TeleSense CEO Naeem Zafar: ""Farmers are involved in a business that offers thin profit margins. They must make sure that every cent of profit can be preserved. The last thing they'd want is for a million-bushel grain pile to rot away while they were enjoying time with their family. Keeping a constant watch on their stored grain is crucial for farmers or location managers." - Photo: TeleSense
TeleSense CEO Naeem Zafar: ""Farmers are involved in a business that offers thin profit margins. They must make sure that every cent of profit can be preserved. The last thing they'd want is for a million-bushel grain pile to rot away while they were enjoying time with their family. Keeping a constant watch on their stored grain is crucial for farmers or location managers." - Photo: TeleSense

Why should a farmer invest in grain monitoring?

“Farmers are involved in a business that offers thin profit margins. They must make sure that every cent of profit can be preserved. The last thing they‘d want is for a million-bushel grain pile to rot away while they were enjoying time with their family. Keeping a constant watch on their stored grain is crucial for farmers or location managers.

Furthermore, if the grain storage conditions are well-known, it is easier to make decisions about when to sell. Commodity prices change every day, and transportation costs fluctuate frequently, so the more information any farmer has about grain storage conditions, the better equipped they are to make profitable and beneficial choices.

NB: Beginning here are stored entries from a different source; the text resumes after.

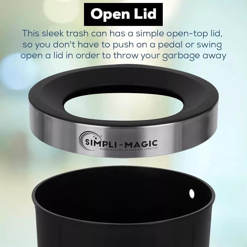 - No touch – The open top lid makes throwing away trash easier than ever. No more worrying about using a step pedal or a motion sensor.
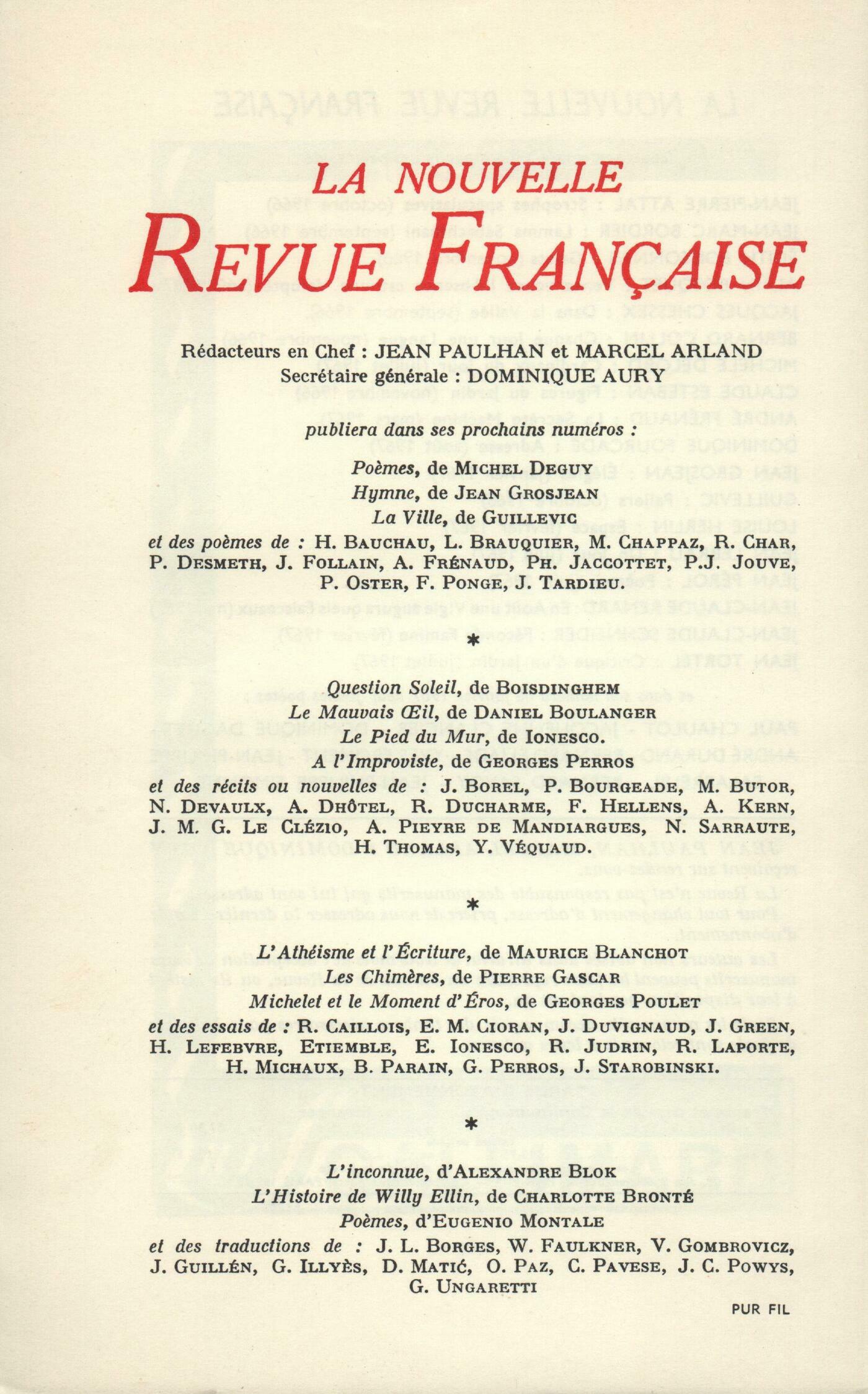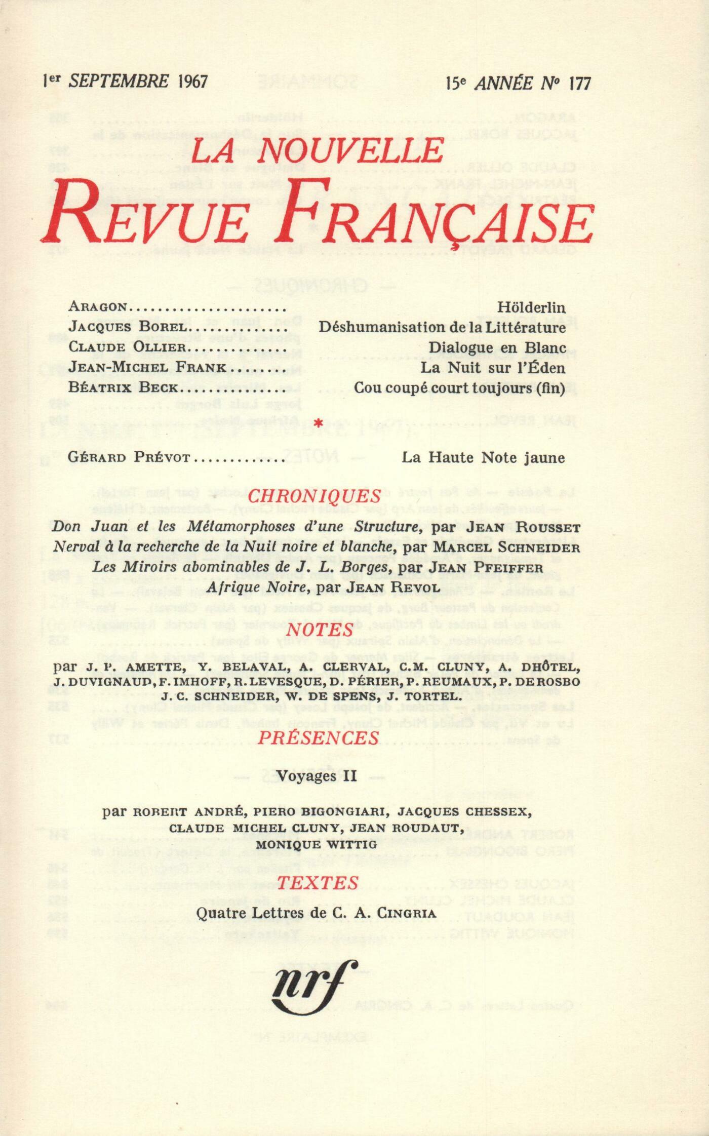 Louis Aragon, HölderlinJacques Borel, Sur la déshumanisation de la littératureClaude Ollier, Dialogue en blancJean-Michel Frank, La Nuit sur l'ÉdenBéatrix Beck, Cou coupé court toujours (Fin)Gérard Prévot, La Haute Note jauneChroniques : Jean Rousset, Don Juan et les métamorphoses d'une structureMarcel Schneider, Nerval ŕ la recherche de la nuit noire et blancheJean Pfeiffer, Les miroirs abominables de Jorge Luis BorgesJean Revol, Afrique NoireNotes : la poésie : Jean Tortel, Au pas feutré du songe, par Emmanuel Lochac (Les Cahiers des Images de Paris)Claude Michel Cluny, Jours effeuillés, par Jean Arp (Gallimard) - Battement, par Hélčne Mozer (Éditions Gaston Puel)Notes : littérature générale et essais : Robert Levesque, Le Coran (Gallimard)André Dhôtel, Études et témoignages, par Amédée Ponceau (Desclée de Brouwer)Jean Duvignaud, Le retour du tragique, par Jean-Marie Domenach (Le Seuil)Notes : le roman : Yvon Belaval, L'Antagoniste, par Jean-Pierre Attal (Gallimard)Alain Clerval, La Confession du pasteur Burg, par Jacques Chessex (Bourgois)Patrick Reumaux, Vendredi ou Les limbes du Pacifique, par Michel Tournier (Gallimard)Willy de Spens, La Dénonciation, par Alain Spiraux (Société des Éditions Modernes)Notes : lettres étrangčres : Patrick de Rosbo, Silas Marner, par George Eliot (Gallimard)Jean-Claude Schneider, Le Laitier, par Peter Bichsel (Gallimard), Un amateur de demi-teintes, par Alfred Andersch (Le Seuil)Notes : les spectacles : Claude Michel Cluny, Accident, de Joseph LoseyLu et [vu] : Claude Michel Cluny, Papiers d'identité, par Franck Venaille (Pierre-Jean Oswald)Denis Périer, La Nature est un talisman, par Jacques de Bourbon Busset (Gallimard)Willy de Spens, La couleur du gris, par Roger Bésus (Plon) - Les Collines de l'Est, par Jean Freustié (Grasset)Denis Périer, Journal d'un étranger ŕ Paris, par Curzio Malaparte (Denoël)François Imhoff, Bourdelle (Galerie Claude Bernard) - Sculptures pour l'architecture, bronzes, gouaches, de Zadkine (Galerie Lucie Weill)Jean-Jacques Lévęque, Asger Jorn (Galerie Jeanne Bucher et Galerie Rive Gauche)Présences. Voyages, II : Robert André, MycčnesPiero Bigongiari, Florence, le désertJacques Chessex, Carnet du MormontClaude Michel Cluny, Rio de JaneiroJean Roudaut, Les remparts de ByzanceMonique Wittig, YallankoroTextes : Charles-Albert Cingria, Quatre lettres
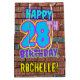 A frente deste design de presente temático de aniversário divertido apresenta a mensagem "FELIZ 28.º ANIVERSÁRIO", tendo uma aparência colorida, vibrante e inspirada em arte urbana e grafite, além de um nome de destinatário personalizável. O plano de fundo apresenta um padrão inspirado na parede do tijolo. Uma bolsa de presente vibrante como esta pode ser usada quando se dá um presente ou presente em honra do 28.º aniversário de alguém. [~Z0000536]
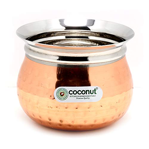 Coconut is a range of innovative and quality products for Home and Kitchen. This Iveo Handi is made from High Quality stainless steel with heavy guage for High Durability. Rust proof and Food Grade steel. Induction and Gas Friendly. Compaq size makes it easy to store in kitchen cupboards. Easy to clean and maintain. When not in use stack the smaller container inside bigger containers saving storage space. Ideal for daily use on your Gas Stove. Energy efficient. Heats evenly and cooks faster. Food will not stick to your pan. This Temple Handi comes with ( Without Handle and Lid). Product content: Coconut Stainless Steel Hammered Copper Iveo Handi 1 Unit. Product Dimension - Width - 12.5 Length - 12.5 Height - 10 Cm.Capacity - 850ML

For farmers who store grain for longer than a year, this kind of monitoring is absolutely critical."

As far as investing in our technology is concerned, most of our customers make buying decisions during the harvest season when they are planning to store the harvested grain. If a farmer/grain handler is storing grain for more than 3 months at a time, this kind of monitoring is important. If the storage period is 6 months, it becomes essential, and for farmers who store grain for longer than a year, it is absolutely critical.

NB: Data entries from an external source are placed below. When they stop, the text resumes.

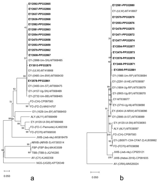 - Lai, F.; Song, C.S.; Ren, Z.G.; Lin, C.L.; Xu, Q.C.; Li, Y.; Piao, C.G.; Yu, S.S.; Guo, M.W.; Tian, G.Z. Molecular characterization of a new member of the 16SrV group of phytoplasma associated with Bischofia polycarpa (Levl.) airy shaw witches’-broom disease in China by a multiple gene-based analysis. Australas. Plant Pathol. 2014, 43, 557–569. [Google Scholar] [CrossRef]
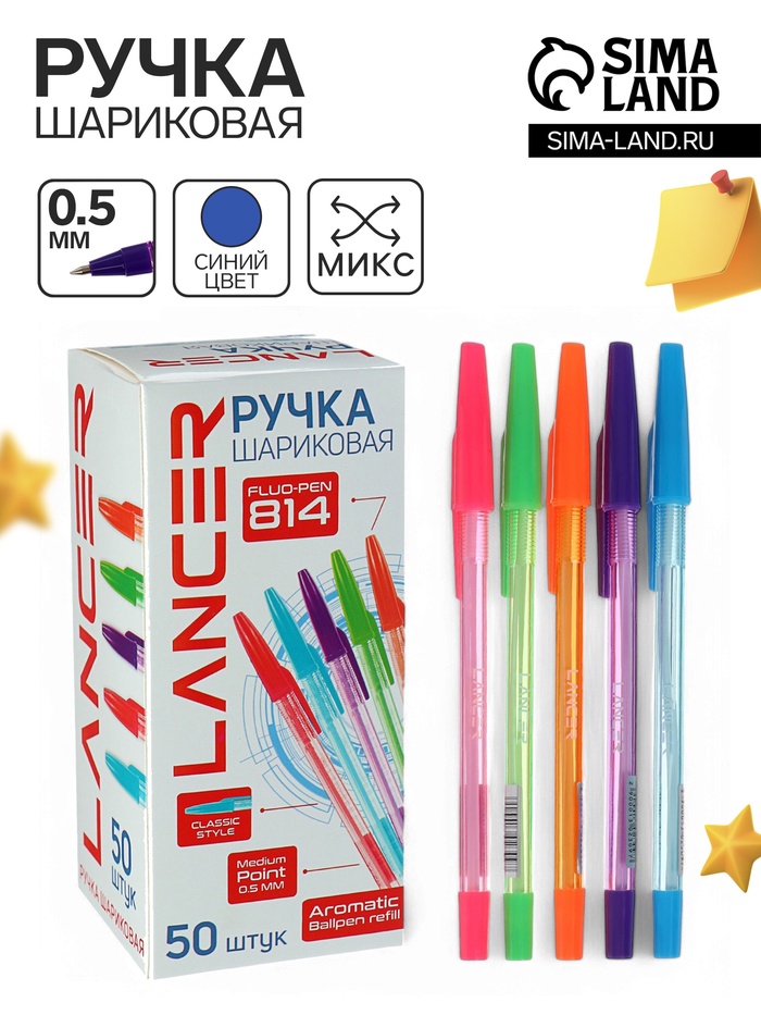 Ручка шариковая LANCER Fluo 814, 0.5 мм, стержень синий, ароматизированная, МИКС
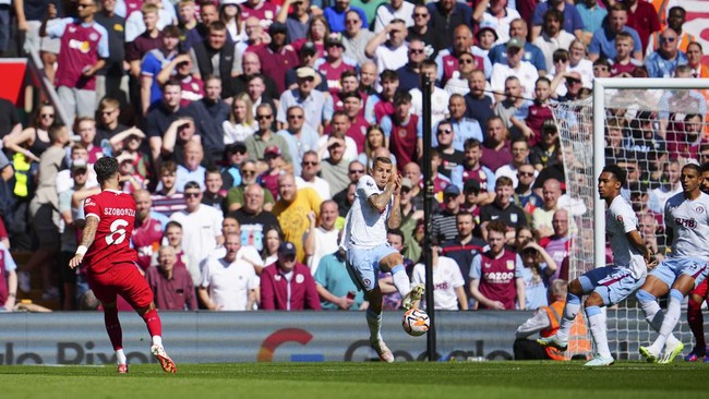 Liverpool menutup babak pertama laga kontra Aston Villa dengan keunggulan 2-0 lewat gol-gol Dominik Szoboszlai dan bunuh diri Matty Cash.

In some situations, monitoring is critical, irrespective of the storage period. For example, if corn with a moisture content greater than 15% is to be stored.

There is some degree of awareness in the market about the importance of grain storage monitoring. That is why farmers often open the bins and visually inspect the grain and even sniff it. Over the years, they have become quite good at sniffing out the problems, but there are many grain bin safety issues that come into play and advanced grain monitoring technology like TeleSense gives farmers a safer, more precise and automated way to ensure grain quality. Previously, it was simply not affordable for many farmers and grain handlers so the return on investment for traditional solutions did not justify the high costs. But now, TeleSense has solved that problem by delivering incredibly affordable and easy-to-use grain monitoring solutions that take the guesswork out of grain storage.”

A TeleSense SensorSpear in a grain bag. - Photo: TeleSense
A TeleSense SensorSpear in a grain bag. - Photo: TeleSense

Who owns the data? And is the data used to improve grain storage overall?

“Farmers own the data; TeleSense analyses it to deliver valuable insights. Yes, the data is used to improve the overall grain storage quality. We analyse the data from hundreds of locations and constantly fine-tune our algorithms based on the predicted versus the actual grain conditions. The data we collect is anonymised, averaged, and used to improve our understanding of what factors drive grain quality and how to manage them. As our algorithms evolve and our datasets expand exponentially, we can provide our customers with more precise suggestions and help them answer key storage-related questions like when to turn their fans on/off, how to reduce fan energy consumption, and in what order to sell their bins.

In the future, we want to enable our customers to not just respond to spoilage, but to be able to predict and prevent it.”